- **The data**:
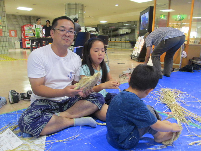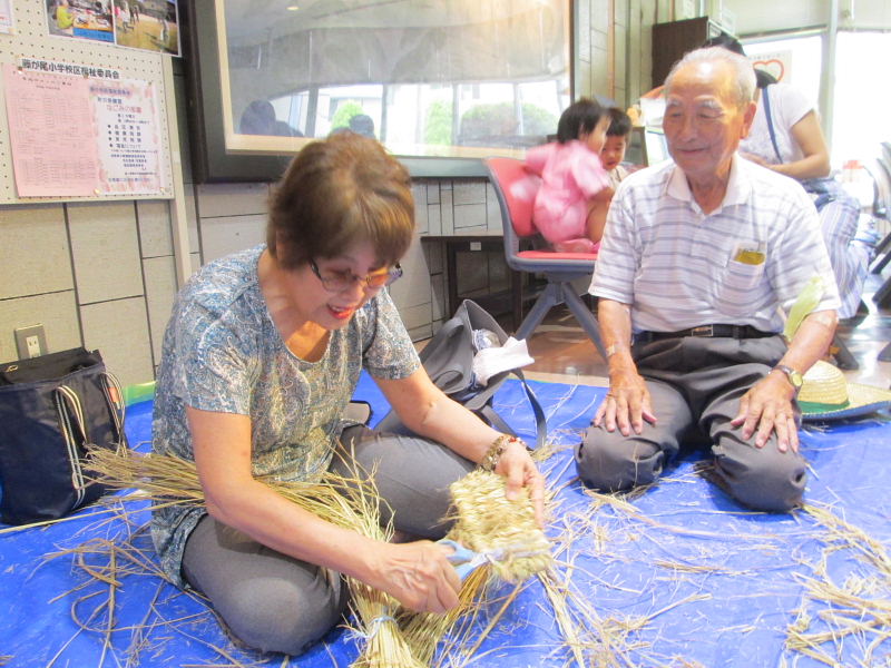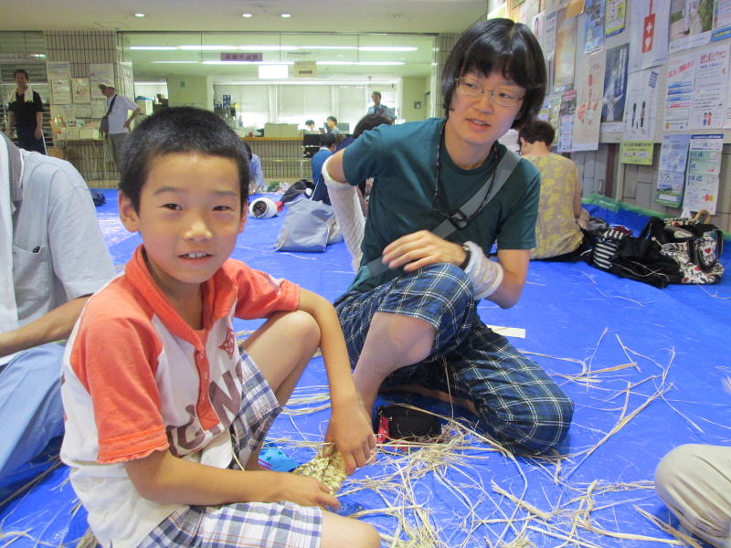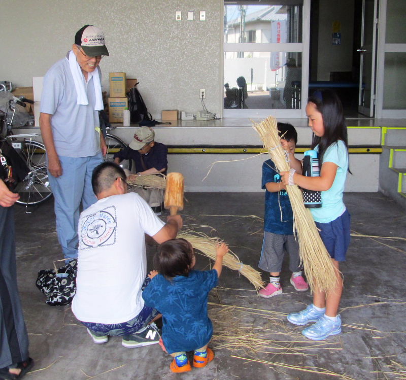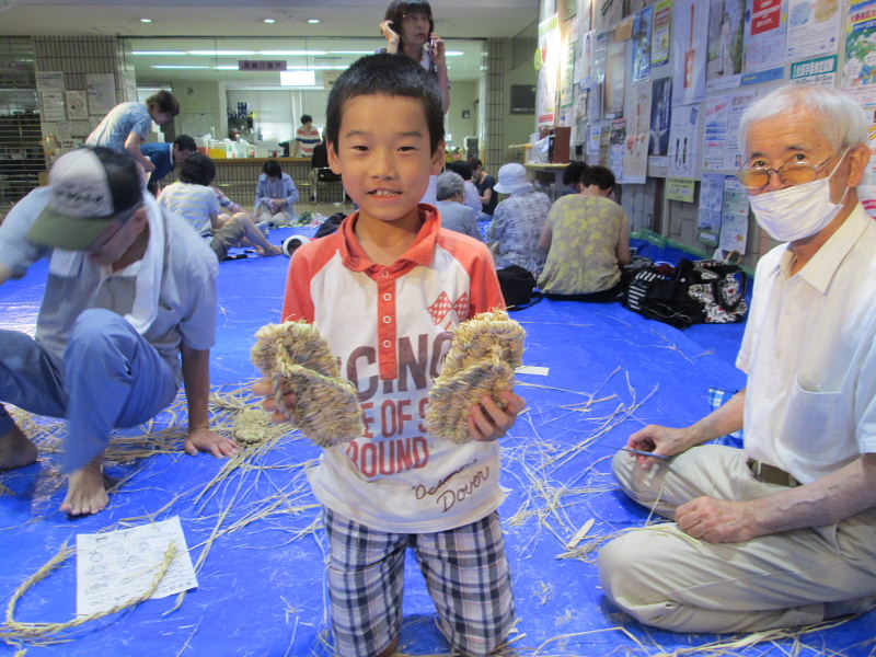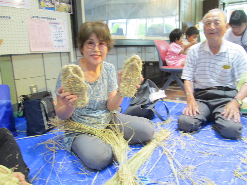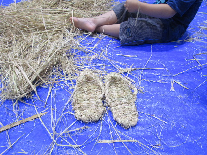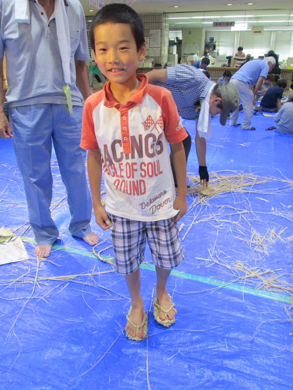 夏休み早々、お母さん、お父さん、おばあさん、おじいさんと沢山の小学生が参加、 自分で作って履いてみたいと、一生懸命草履作りに挑戦しました。 |
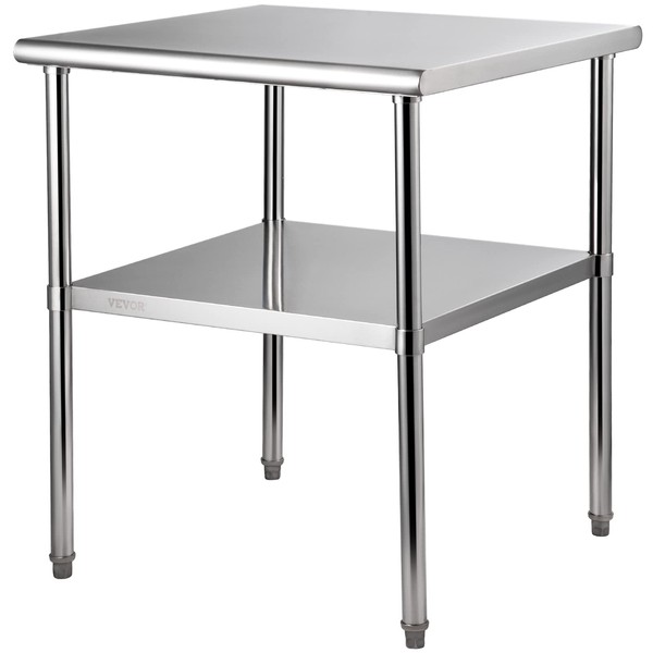 VEVOR Stainless Steel Prep Table, 30 x 30 x 36 Inch, 800lbs Load Capacity Heavy Duty Metal Worktable with Adjustable Undershelf & Feet, Commercial Workstation for Kitchen Garage Restaurant Backyard
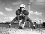 Dick Norris is the steady center on the Wichita Falls High School football team. He is also one of three team captains. The Coyotes are preparing for an upcoming game against the Graham Steers on November 28. The winner will be named District 2-AA champions and advance into the playoffs. Norris is shown on the football field, practicing the snap. He is wearing a football uniform, number 48.
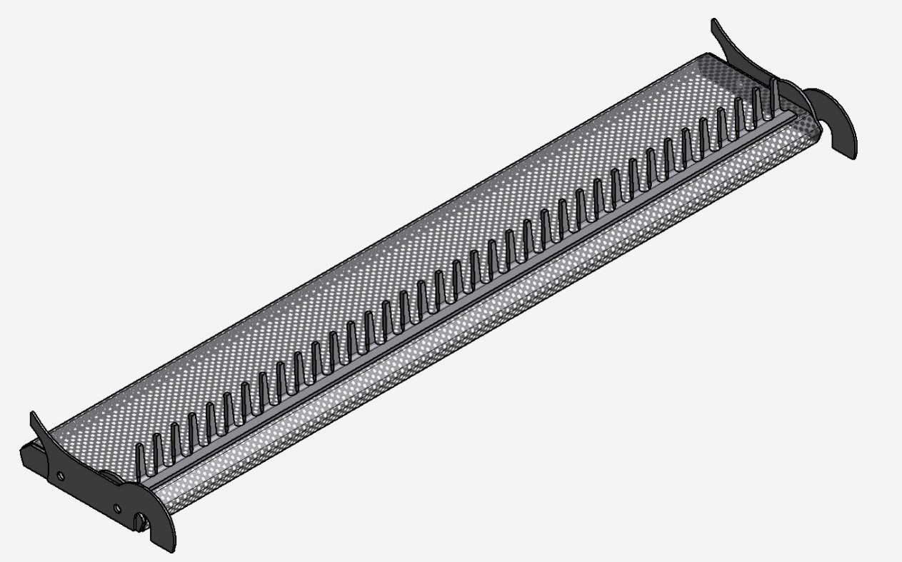 Esta peneira fina é formada por elementos filtrantes de ABS, chamados “dentes”, montados sobre dois eixos consecutivos em aço inoxidável. Nos extremos destes eixos estão instaladas as correntes de arraste da tela filtrante. O conjunto, com o sistema motriz e outros elementos, está montado numa estrutura de aço inoxidável.
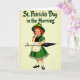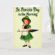 This card features a sweet St. Patrick’s Day illustration of a young girl standing against a creamy, lightly textured off‑white background, giving the scene a soft, nostalgic look 💚. Fiery red curls spill out from under her emerald green hat, which is trimmed with a sunny yellow ribbon, and her rosy cheeks and curious eyes make her feel like she’s sharing a quiet secret with the viewer. She wears a green dress with a dark bodice and a crisp white ruffled apron, finished with a green-and-white checkered edge along the hem. In one hand she carries a closed black umbrella, and in the other she holds a cane with a hook handle, like she’s ready to stroll alongside a close friend on a misty morning ☘️. Her pose is thoughtful, with one finger resting at her chin, adding a gentle, tender note to her expression. The phrase “St. Patrick’s Day in the Morning” appears in dark green lettering on the right side of the design, standing out clearly against the pale background. The hat’s yellow ribbon sits just above her curls, and the umbrella and cane are drawn in deep black with small highlights.
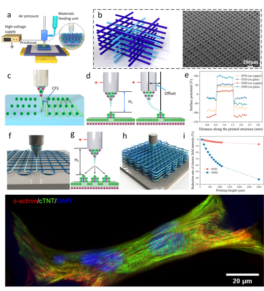 近年来,随着组织工程的不断发展,组织工程支架作为其中最有效的治疗手段之一,在生物医学方面呈现出巨大的应用前景。组织工程支架的结构和尺寸(纤维直径和纤维间距)对细胞的生长和成熟起到至关重要的作用。为了开发更符合组织工程需求的生物支架,该成果提出了电场驱动喷射微3D打印具有细胞特征尺寸有序3D支架的新方法。该方法借助于电场驱动喷射微3D打印独特的电场生成方式,有效克服了射流排斥影响,并结合对称打印等策略,成功制备了纤维直径为10 ~ 20 μm、间距为60 ~ 80 μm高度有序的三维支架,实现了目前报道的最大纤维直径/间距比0.29。人诱导性多能干细胞(Human induced pluripotent stem cell,hiPSCs)来源的心肌细胞培养和动物实验结果表明该支架在形成同步功能工程心脏组织及促进其成熟方面具有显著优势,显示出巨大的心脏组织工程应用潜力。
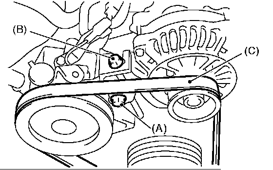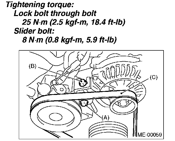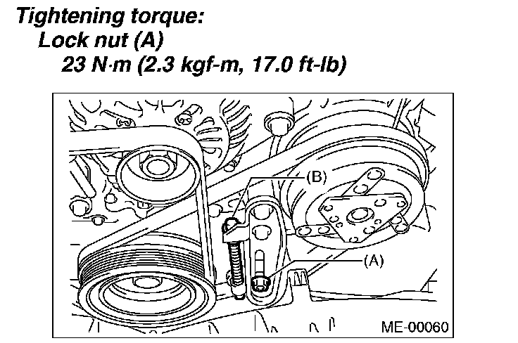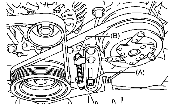1. Install the belt, and tighten the slider bolt (B) so as to obtain the specified belt tension.
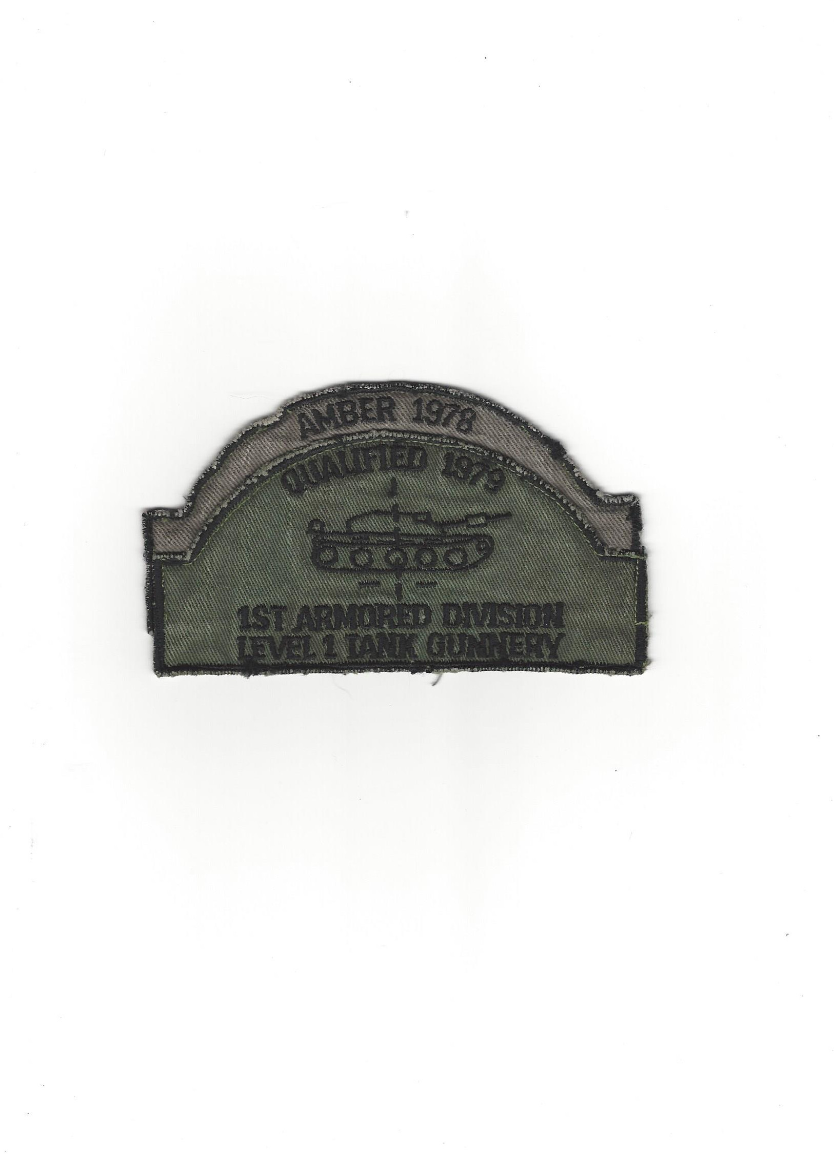 1st Armored Division 1978 "Amber" (qualified) TCQC patch (ASMIC #1L1) with a 1979 Qualified TCQC patch (ASMIC #1L2) sewn on top of the 1978 patch. German made, embroidered on twill with a standard edge.
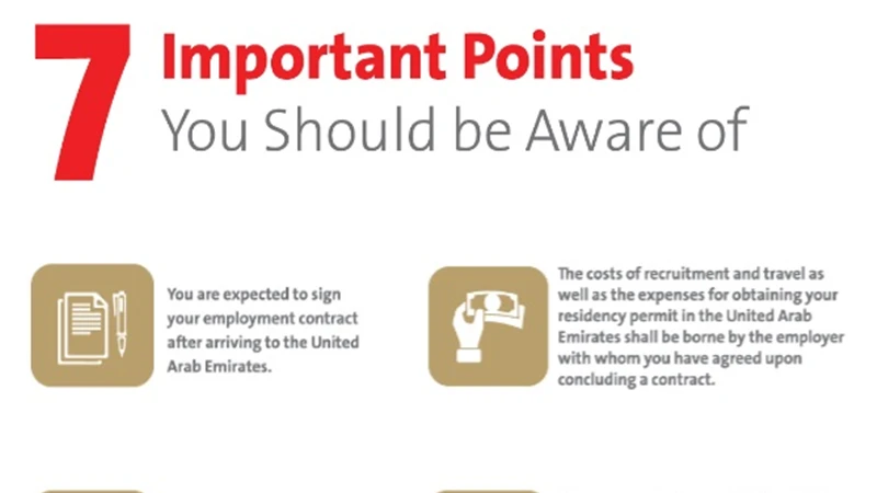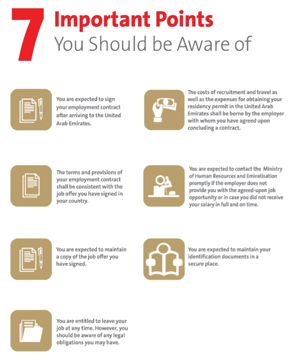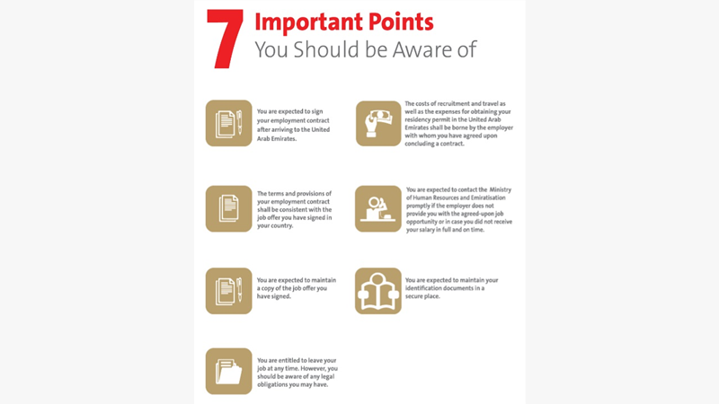 For the pre-entry stage, the guide provides a set of instructions for the worker, including a full review of the job offer, particularly with regard to the job title, responsibilities, privileges and salary level, as well as a review of the detailed annex attached to the job offer, which contains the rights and obligations set out in the labour relations law in force in the UAE.
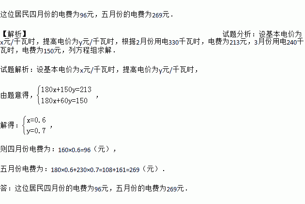 为鼓励居民节约用电,我市自2012年以来对家庭用电收费实行阶梯电价,即每月对每户居民的用电量分为三个档级收费,第一档为用电量在180千瓦时(含180千瓦时)以内的部分,执行基本价格;第二档为用电量在180千瓦时到450千瓦时(含450千瓦时)的部分,实行提高电价;第三档为用电量超出450千瓦时的部分,执行市场调节价格.我市一位同学家今年2月份用电330千瓦时,电费为213元,3月份用电240千瓦时,电费为150元.已知我市的一位居民今年4、5月份的家庭用电量分别为160和 410千瓦时,请你依据该同学家的缴费情况,计算这位居民4、5月份的电费分别为多少元?
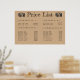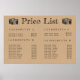 Menu de Preços de Fotógrafo da Câmera Kraft Poster
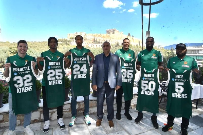 Μπεν Μπέντιλ, Ράιον Μπράουν, Τζίμερ Φριντέτ, Ουέσλι Τζόνσον, Ταϊρίς Ράις και Τζέικομπ Ουάιλι παρουσιάστηκαν στους εκπροσώπους του Τύπου, με τον Μάνο Παπαδόπουλο να καλωσορίζει άπαντες, «δικαιολογώντας» το σημείο που επιλέχθηκε, αφού, όπως είπε, «ο Παναθηναϊκός είναι η ομάδα – σύμβολο της Αθήνας».
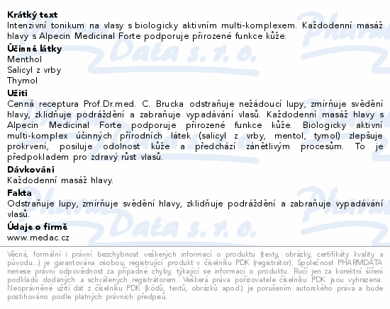 Intenzivní tonikum na vlasy s biologicky aktivním multi-komplexem. Každodenní masáž hlavy s Alpecin Medicinal Forte podporuje přirozené funkce kůže.
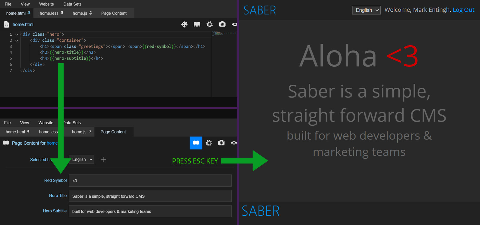 Saber encourages you to write multi-lingual content outside of your HTML files. This is done by using mustache variables {{hello-world}} in place of content when writing HTML code in Saber's Editor. There's a tab in Saber called the Page Content tab which will display a list of form fields generated from the mustache variables that you created in HTML. You can choose which language to use when filling out the form fields, then instantly view a live preview of the content changes within your web page.
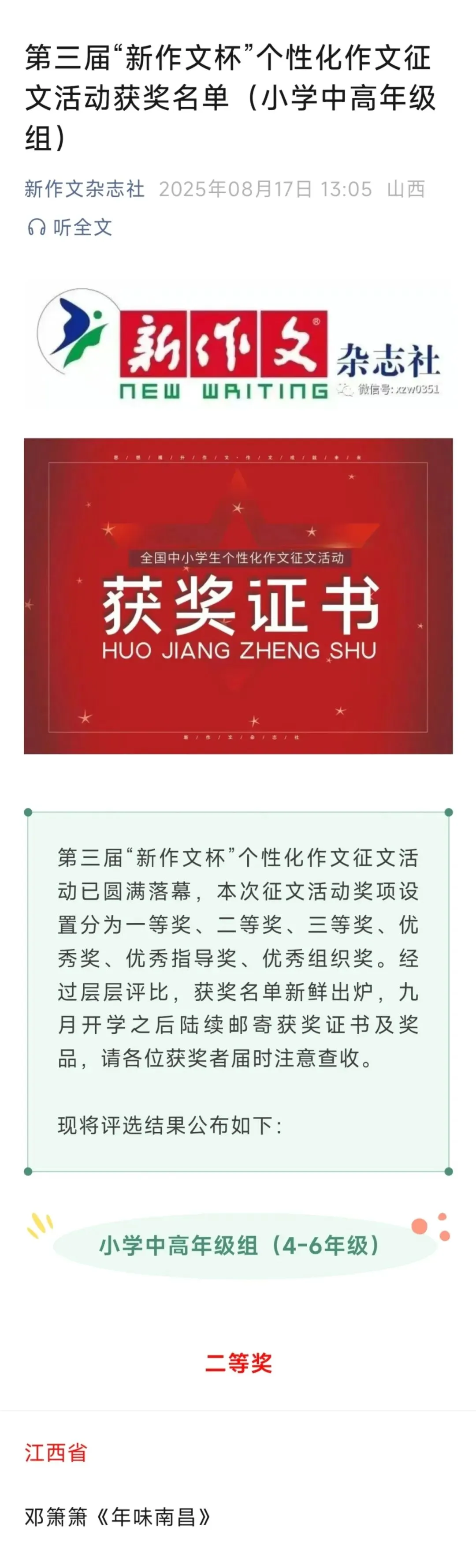 箫箫的《年味南昌》写作于2025年2月6日,以生活为素材,在原稿的基础上,我同她一起讨论增加、修改部分语句后,较好地突出了“年味”这一主题。6月份在“新作文”公众号看到第三届“新作文杯”个性化征文征稿启事后,我便给她投稿至征文邮箱。今天收到通知,获得二等奖,贺老师也获得优秀指导奖。
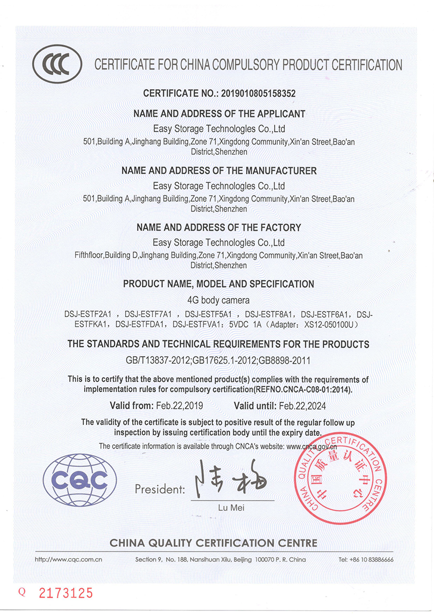 Congratulations on the successful registration of the EASY STORAGE 4G BODY CAMERA CCC certificate
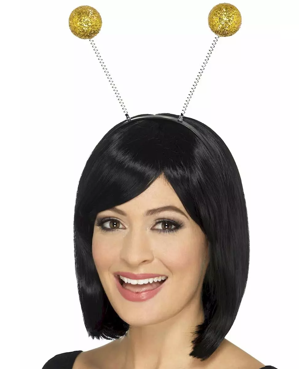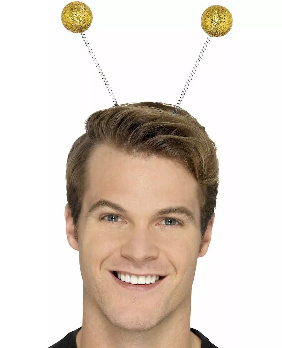 Med gullpaljetter! Dette pannebåndet er for voksne. Det er svart og består av to gullpaljettballer som er festet til sølvfjærer. Det vil være ideelt som tilbehør til antrekket ditt under en diskokveld! Inkludert tilbehør: Pannebånd Materiale: Plast Plast

- **About this exercise**: Pictures excluded, reproduce only the part above that opens with the line holding "Saber encourages you" and closes with the line holding "箫箫的《年味南昌》写作于20", exactly as written.

- **Finished exercise**:
 Saber encourages you to write multi-lingual content outside of your HTML files. This is done by using mustache variables {{hello-world}} in place of content when writing HTML code in Saber's Editor. There's a tab in Saber called the Page Content tab which will display a list of form fields generated from the mustache variables that you created in HTML. You can choose which language to use when filling out the form fields, then instantly view a live preview of the content changes within your web page.
 箫箫的《年味南昌》写作于2025年2月6日,以生活为素材,在原稿的基础上,我同她一起讨论增加、修改部分语句后,较好地突出了“年味”这一主题。6月份在“新作文”公众号看到第三届“新作文杯”个性化征文征稿启事后,我便给她投稿至征文邮箱。今天收到通知,获得二等奖,贺老师也获得优秀指导奖。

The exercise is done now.